The child who is sentenced to die by abortion enjoys no such protections. Far from being determined by an impartial “arbiter,” its fate is decided by the party who has a material interest in its death: its mother. If she and an abortionist can agree on a price, the child is doomed. Then its body and organs may be sold to laboratories — an indignity that even executed criminals are spared.

So every legal safeguard extended to the accused murderer is denied to the innocent child. Its life is at the mercy of one person’s will. Nobody speaks for it; its interests are unrepresented. No neutral party has a share in the decision. Arbiter is about the most inappropriate word one could choose to describe the woman who decides to have it killed.
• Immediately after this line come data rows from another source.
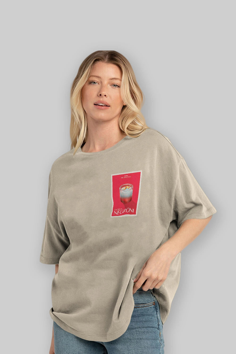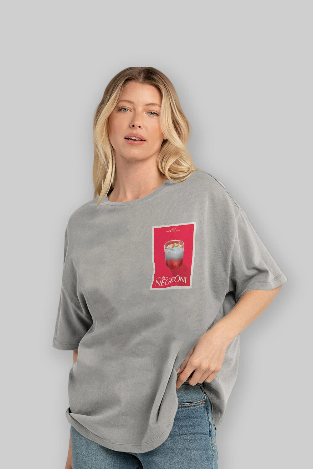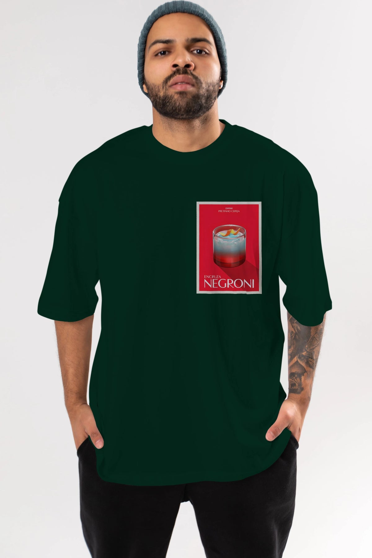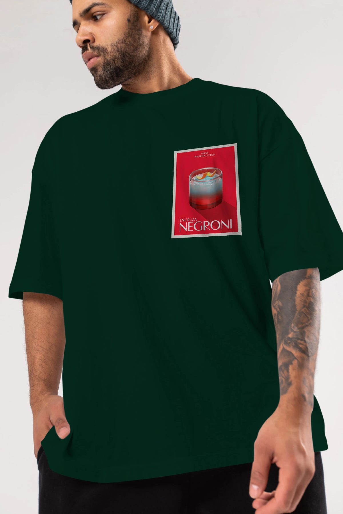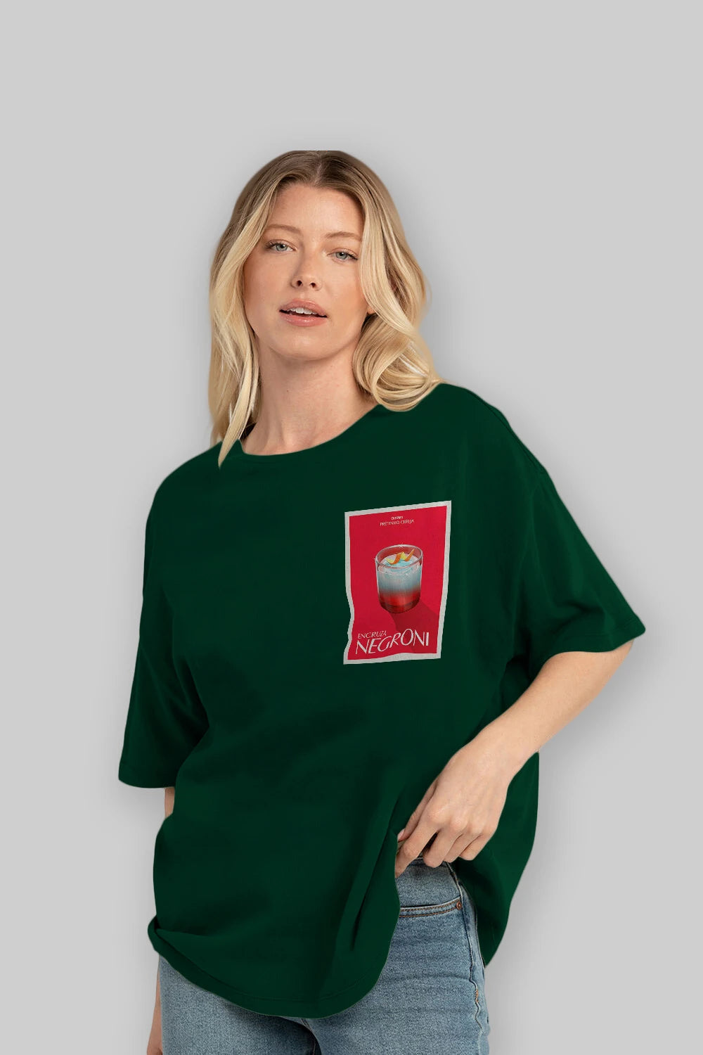 Encruza Negroni Ön Sol Baskılı Oversize t-shirt Erkek Kadın Unisex %100 Pamuk Bisiklet Yaka tişort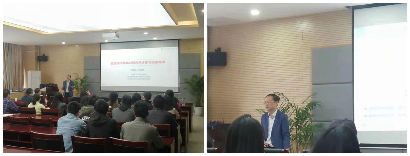在本次报告会上,陆继东教授首先讲解了我国目前的能源转型的总体思路,并指出能源开发、转换、存储、使用等各关键环节的飞速发展对先进光学测量技术提出了新的要求。之后以激光诱导击穿谱技术在能源工业激光诊断中的应用为例,详细介绍了其带领的团队近年来固体燃料转化机制、煤炭热转化设备入炉煤质、飞灰含碳量等特征参数的在线/快速分析方面的光学检测应用基础研究、技术开发和应用实践进展。报告会上,与会的各位老师和同学就自己关心的问题与陆继东教授展开了热烈讨论。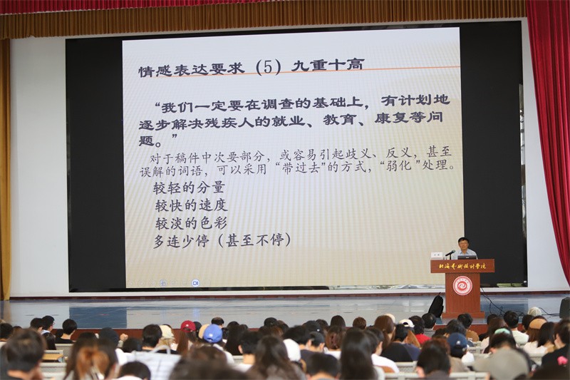 讲座中,付程教授提出情感表达应符合有声语言艺术创作当中准确、鲜明、生动的“六字标准”和无一字无一据、无一语无变化、无一言无对象的“三无境界”。播音员在情感表达中应言之有理、言之有据,不能说空话、讲虚言,并做到情动于衷,有感而发,声情并茂。此外,付程教授还提出“一真二准,三连四变,五控六整,七综八神,九重十高”的创作规律。进一步说明表达感情要真切,情感要连贯流畅,动真心并真动心,以真切体会的感情来展示播音表达。他建议同学们从日常生活的细微处入手,区别播音与日常口语交流,努力提高自身的专业度与播音艺术性。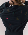 Allover Icons Long Sleeve – Graphic Black Top with Icon Prints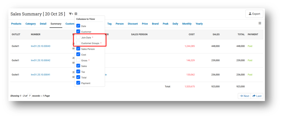 [Reports - Summary] Fix Column Toggle For “Join Date” And “Group” Incorrectly Triggers Outlet Filter
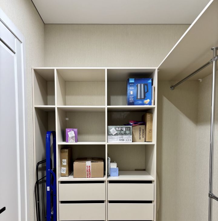 - В отдельной темной комнате оборудована вместительная гардеробная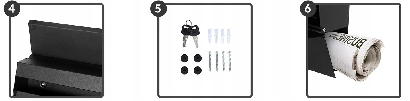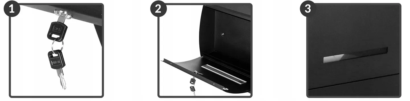 Wraz ze skrzynką kupujesz kompletny zestaw montażowy i drugi kluczyk.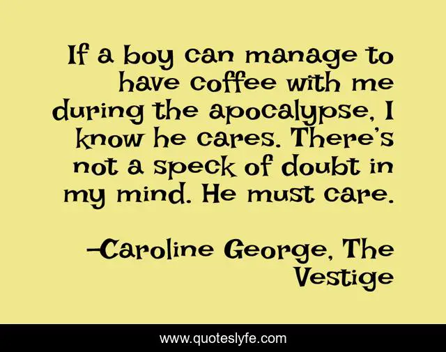 This page presents the quote "If a boy can manage to have coffee with me during the apocalypse, I know he cares. There’s not a speck of doubt in my mind. He must care.". Author of this quote is Caroline George, The Vestige. This quote is about crush, coffee, love, author, science-fiction, romance, books, end-of-the-world, apocalypse,.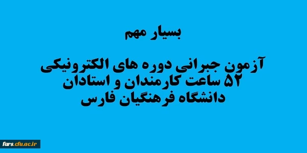 آزمون جبرانی قابل توجه تمامی همکاران و استادان موظف دانشگاه فرهنگیان فارس که در دوره دوم آموزش فناوری اطلاعات 52ساعت شرکت کرده اند 2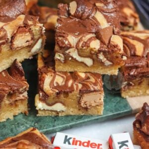 Add in most of the kinder chocolate, and kinder bueno, and fold through.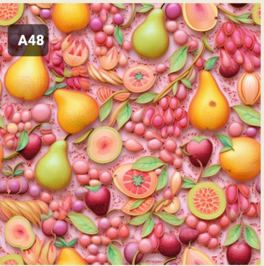 Tricoline 100% algodão com várias frutas em 3D em tons coloridos.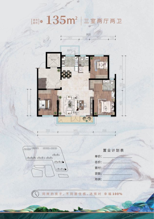 3室2廳2衛(wèi) 135m2

In real life, the woman rarely makes the decision in a vacuum. The women who file into abortion clinics are rarely mature, independent women asserting their sovereignty over their own bodies; more often they are just losers in the cruel game of love — immature girls who are bullied into getting abortions by boyfriends who refuse to support their own children. Young women are often dominated by men who are a few years older and physically much stronger, with more force of personality than they have. So they often abort in deference to the insistence of men, who may abandon them or threaten to do so.

But one of the unintended consequences of Roe v. Wade has been to empower such males. After all, if a woman can’t be forced to bear an unwanted child, why should any man be forced to support one? If the mother has the sole legal authority to say whether the child is brought to term, why, by the heartless logic of Roe, should she be allowed to impose responsibility on the father? What’s sauce for the goose ...

“If you want it,” he can say, “you support it. I’m sure as hell not going to!” Young pregnant women must often hear these words, which make a mockery of their supposed “independence.” Legal abortion, by making children disposable, has relieved men of their former duty to protect their own flesh and blood.

So the real “arbiter” of the child’s life may not be the mother, but the father. And the abortion may be more in his interest than hers. The law may not recognize his interest any more than it recognizes the child’s, but he is far from helpless to apply crushing pressure on a pregnant young woman.

How many women would choose abortion if the father were eager to support and raise the child? Rather few, I suppose. But few have the strength to choose the child over the father who doesn’t want it. The Supreme Court has created a bitter dilemma for many of the women it thought it was helping.